Earlier today I published a new sketchote; one that was inspired by the book by Tom Peters and Robert Waterman, ‘In Search of Excellence’.
Peters and Waterman identified eight attributes that excellent organisations typically have in common. You can see the attributes in the sketchnote above.
Whilst reading through the attributes, it struck me that there was one underlying principle for all eight: Communication.
Here’s what I found:
- Attribute #1: A bias for action An excellent organisation will have mechanisms in place to bring together groups of staff quickly and efficiently. Quality circles, project teams and task forces are examples. Key to the success of these is that they are small (no more than 10 members), don’t have unreasonable reporting requirements and have access to all the info they need. Communication up, down and across is as needed and isn’t so hierarchical as to get in the way of the ‘do it, fix it, try it’ ethos.
- Attribute #2: Close to the customer Excellent organisations are dedicated to having a proper dialogue with their customers (as opposed to simply saying their going to have a dialogue!) Peters and Waterman say that an excellent organisation has no closed doors to customers. The rise of digital and social media means that the distance between excellent and ‘simply good’ organisations is increasing. Putting corporate rhetoric out via Twitter is not getting close to the customer. Having a conversation, asking questions, using humour is.
- Attribute #3: Autonomy and entrepreneruship Employees need to be really clear on ‘the rules of the game’ in order to feel empowered to put forward ideas and take considered risks. This means leadership needs to communicate this widely, as well as role model the behaviour they want to see. For a culture of autonomy and entre (as well as intra) preneurship to thrive, communication needs to be fairly informal and intensive. There are no questions that cannot be asked. In fact, questions are seen as a good thing.
- Attribute #4: Productivity through people Excellent organisations live and breathe treating their staff with respect and dignity because they know that people are the key to the organisation’s success. This includes how, when and where people are communicated and engaged with. Successes are made public through a variety of internal communications mechanisms on a consistent basis. Remember the phrase, “Praise in public, criticise in private”?
- Attribute #5: Hands-on, value-driven Excellent organisations take the development and implementation of their values extremely seriously. Values are not something that simply end up as a pretty poster in corporate reception. Time, effort and resource is spent ensuring that managers understand the values and how to communicate them with passion and conviction. Excellent organisations recognise that communication of values isn’t just one-off (at launch phase) but is ongoing and requires repetition, repetition, repetition.
- Attribute #6: ‘Stick to the knitting’ Or not diverisfying for the sake of it, just because another organisation is. Excellent organisations stick to what they do best. If they are going to try delivering a new service or product they explain the approach and rationale to staff and other stakeholders, so that everyone is clear on why. If the experiment doesn’t work, this is also communicated with lessons learned. Radio silence is not an option.

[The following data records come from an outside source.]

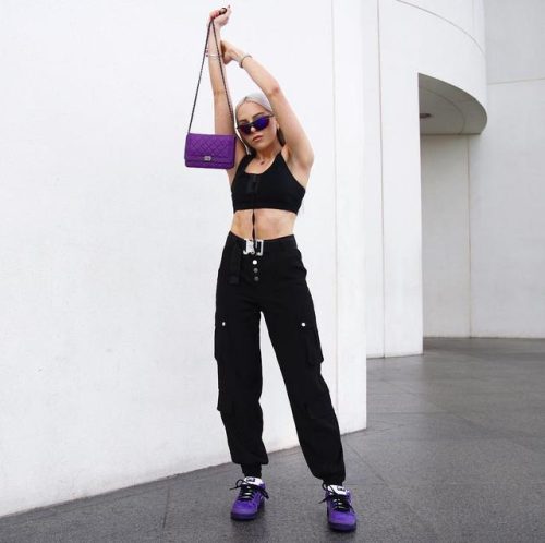 紫龙虾 Concepts x Nike Dunk SB Low 和紫色的香奈儿包包,再加上紫色的太阳镜,这身搭配可以说是街头又奢华。
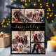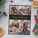 Elegante Minimal Modern Elegante Caligrafía Negro y Oro 5 Collages de fotos "vacaciones felices" Navidades de guiones Tarjeta de vacaciones. ++ POR FAVOR, TENGA EN CUENTA QUE ESTAS TARJETAS DE TAMAÑO DE 6,5" X 8,75" SON MÁS GRANDES QUE LA MEDIA, DEBIDO AL MAYOR TAMAÑO DE LA TARJETA, ES CASI SEGURO QUE LOS COSTOS DE POSTAL SERÁN MÁS ALTOS. SI PREFIERES EL TAMAÑO ESTÁNDAR DE 5X7", PUEDES ENCONTRAR LA TARJETA EN ESTE ENLACE: https://www.zazzle.com/happy_holidays_calligraphy_photo_collage_christmas_holiday_card-256888866811355533 O DESPLAZARTE, Y ENCONTRARÁS FÁCILMENTE LA TARJETA 5X7 EN LA COLECCIÓN DE ABAJO. +++ Esta plantilla festiva, minimalista, caprichosa de cinco (5) fotos de tarjetas de felicitaciones navideñas! El texto de saludo de las "fiestas felices" está escrito en un hermoso tipo de letra con letras a mano giratorias y cruz con cruz en oro sobre fondo de color negro. Al revés con tu plantilla de mensaje de bienvenida con un pequeño garabato cardíaco en blanco y una plantilla de foto horizontal. Tarjeta de saludo de bonito para su familia y amigos en temporada de vacaciones para Navidades.
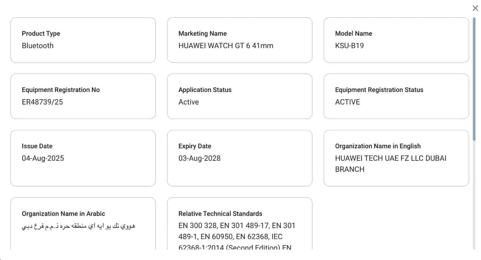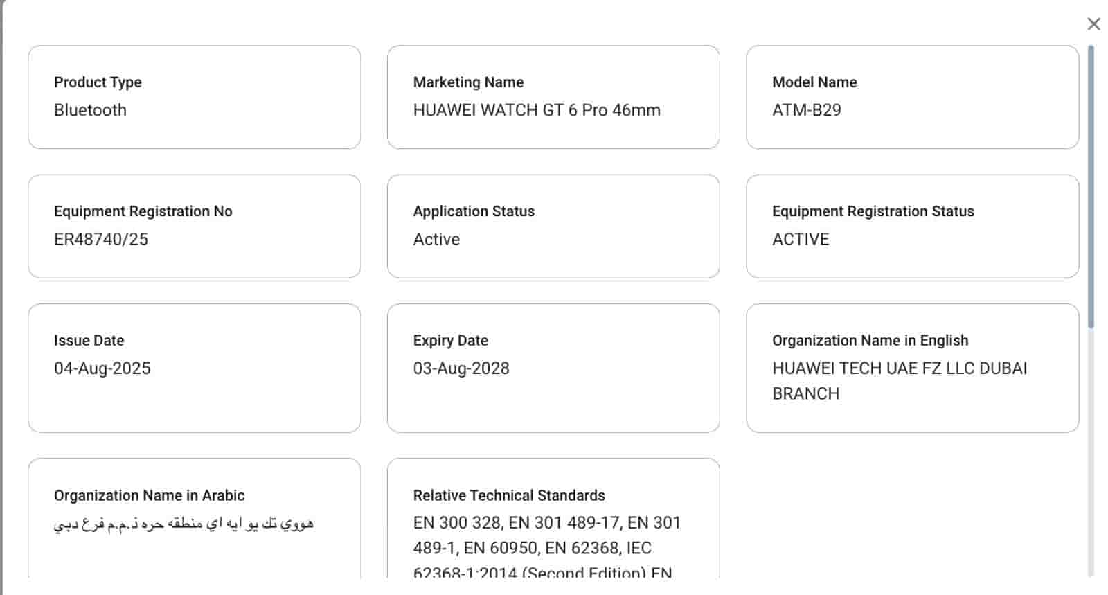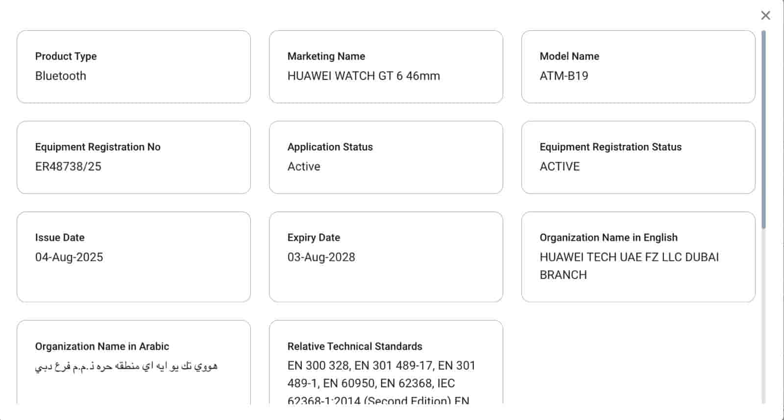 The 41mm and the 46mm size variants of the Huawei Watch GT 6 smartwatch that carries the respective model numbers of ‘KSU-B19’ and ‘ATM-B19’ have received the TDRA certification with the equipment registration numbers of ‘ER48739/25’ and ‘ER48738/25’, while the Huawei Watch GT 6 Pro 46mm smartwatch with the model number of ‘ATM-B29’ has been certified with the equipment registration number of ‘ER48740/25’. All the three are listed as Bluetooth products on the TDRA database, and their certification validity is till the 3rd of August 2028.
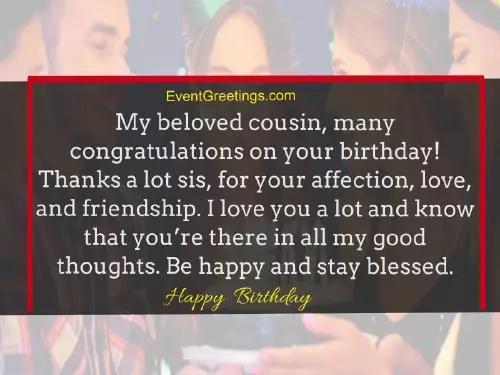 cousin sister like we are cousins and I’m sure that more year of birthday; Lots of beer, gifts, party people, love, smiling faces, tears of joy, and many more…Happy birthday!a phenomenal day! Happy Birthday, Cousin!me the chance here again They
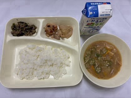 「鶏肉の照り焼き、なすのそぼろいため、とうがんのみそ汁、ごはん、牛乳」です。
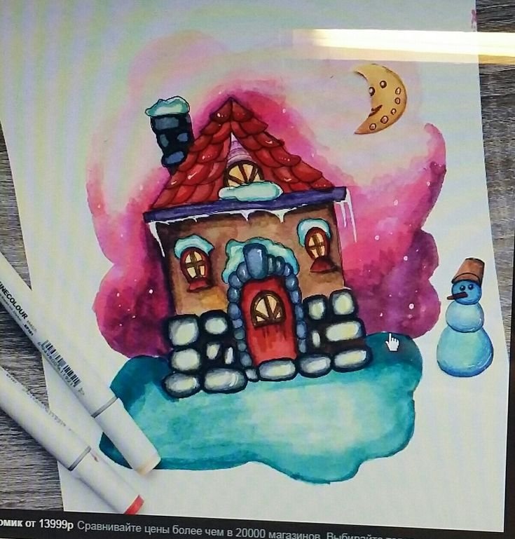 ![Рисунок домика маркерами скетчбук]()
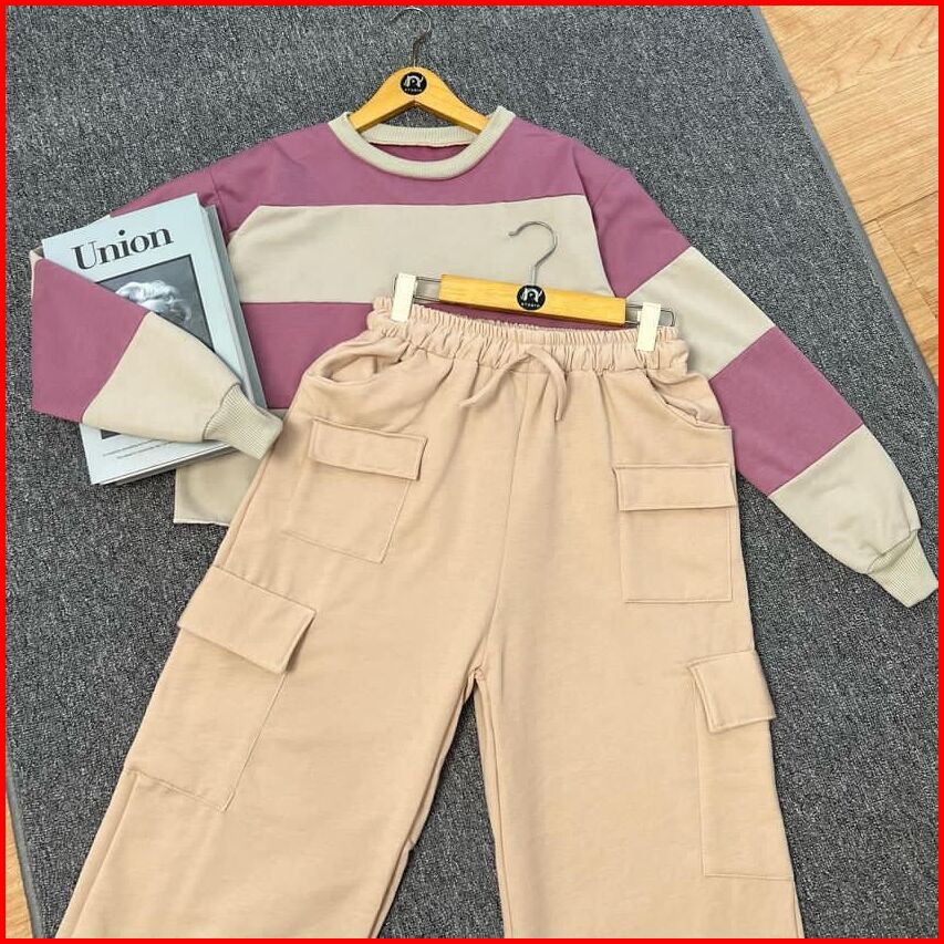 Bundling Pocky Sweater Crop Mix Jooly Pants - Pakaian Wanita Terbaru Crewneck Multicolour Mix Cargo Pants Jooly One Set
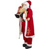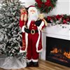 Celebrate the season with this cheerful Santa Claus figure. Wearing his classic red and white suit with faux fur trim, black boots and belt, Santa holds a festive teddy bear and carries a gift-filled bag over his shoulder. Mounted on a wooden base, this 60-in tall display figure is perfect for indoor holiday décor. Not intended as a toy.
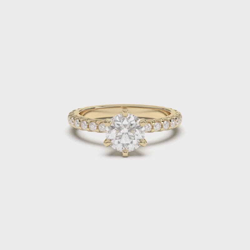 Ein Ring, der klassische Solitär-Ästhetik mit einem Hauch Glamour verbindet, ideal für alle, die sich einen zeitlosen Verlobungsring mit subtiler Brillanz wünschen.Karat-Gesamtgewicht: ca. 0,50 ct Pavé-Steine zusätzlich zum Hauptstein*
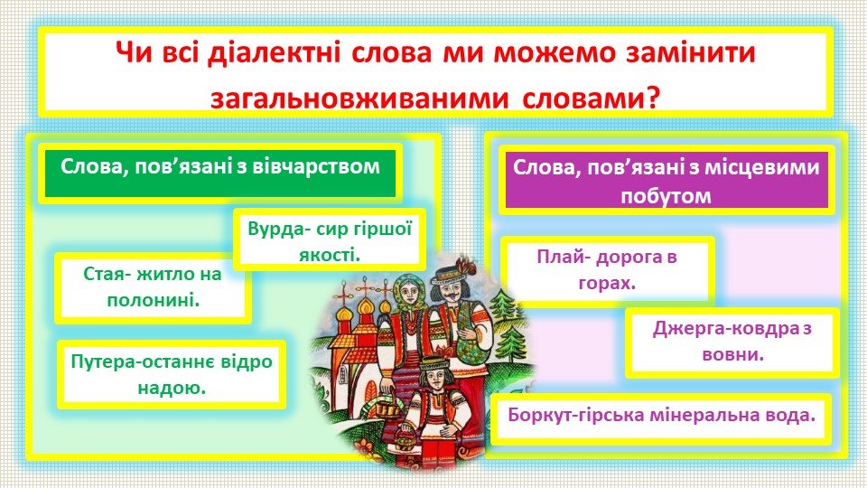 Чи всі діалектні слова ми можемо замінити загальновживаними словами?
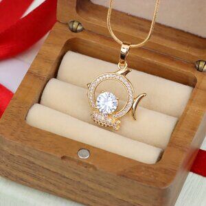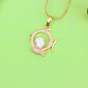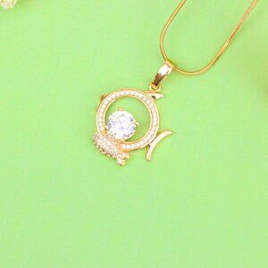 Elegant Pisces zodiac pendant with shimmering cubic zirconia and symbolic fish motif.
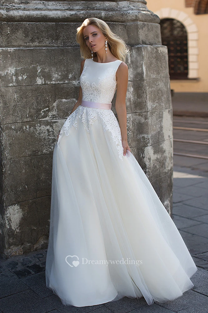 Ethereal Chiffon and Tulle Scoop-neck Sleeveless Wedding Dress with Bow
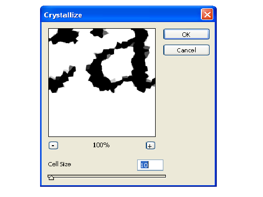 3. Кристаллизуйте полученный текст – фильтр кристаллизации доступен через меню Filter – Pixelate – Crystallize. В диалоговом окне Crystallize установите размер ячейки кристаллизации порядка 3-5 пикселов.
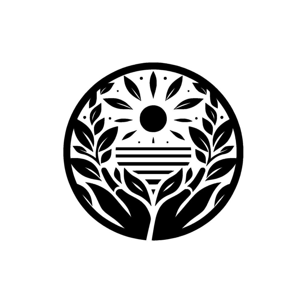 A serene, circular black and white illustration symbolizing unity, featuring hands cradling a sun setting behind layered lines and leaf embellishments. vector
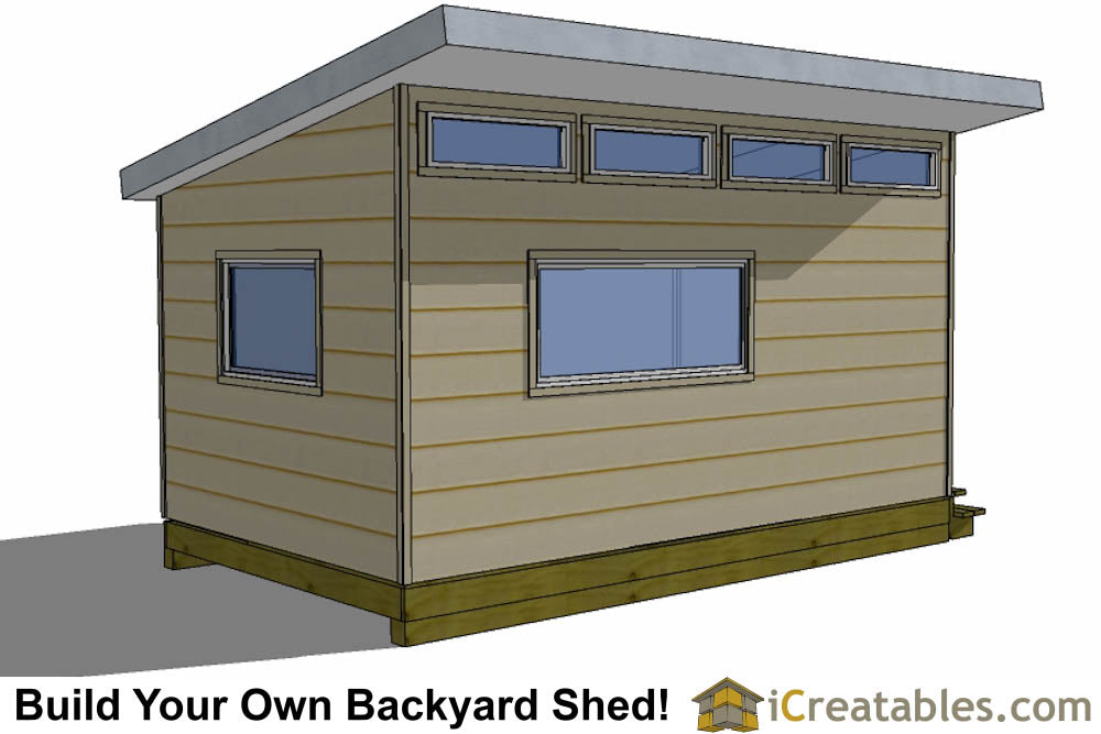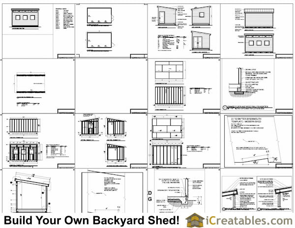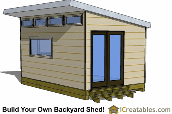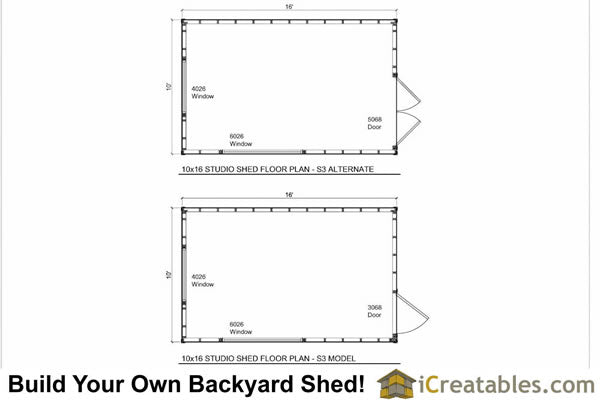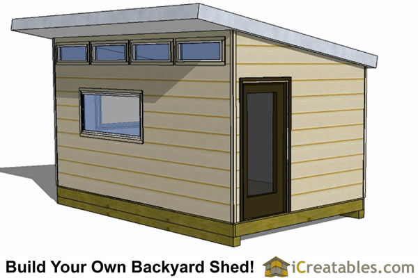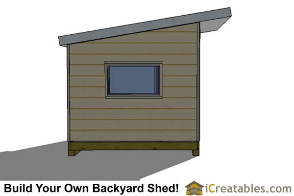 Walls: 2x4 framing at 16" on center, 7/16" O.S.B. sheeting that allows most sidings to be applied. The lower shed wall height is 7'-7"

- Attribute #7: Simple form, lean staff Flat structures are what separate an excellent organisation from an okay one. A flatter structure enables fast, appropriate levels of communication and engagement. This means projects and services can move at speed as they are unencumbered by the need to go up through several layers of senior management in order to get sign off.
- Attribute #8: ‘Firm and free’ operating This sees leadership having enough control and oversight to ensure excellent productivity and performance, whilst allowing enough freedom so that ideas and innovation can flourish. This sees rules about ‘the way we work’ clearly communicated and subsequently, understood by all. There is no grey about when, where, with who and in what circumstances one needs sign off and where one can operate independently.
Whilst ‘In Search of Excellence’ is over 30 years old, the findings and advice are still relevant today. For anyone in a leadership position, or working in the field of organisational behaviour, this book is a must-read.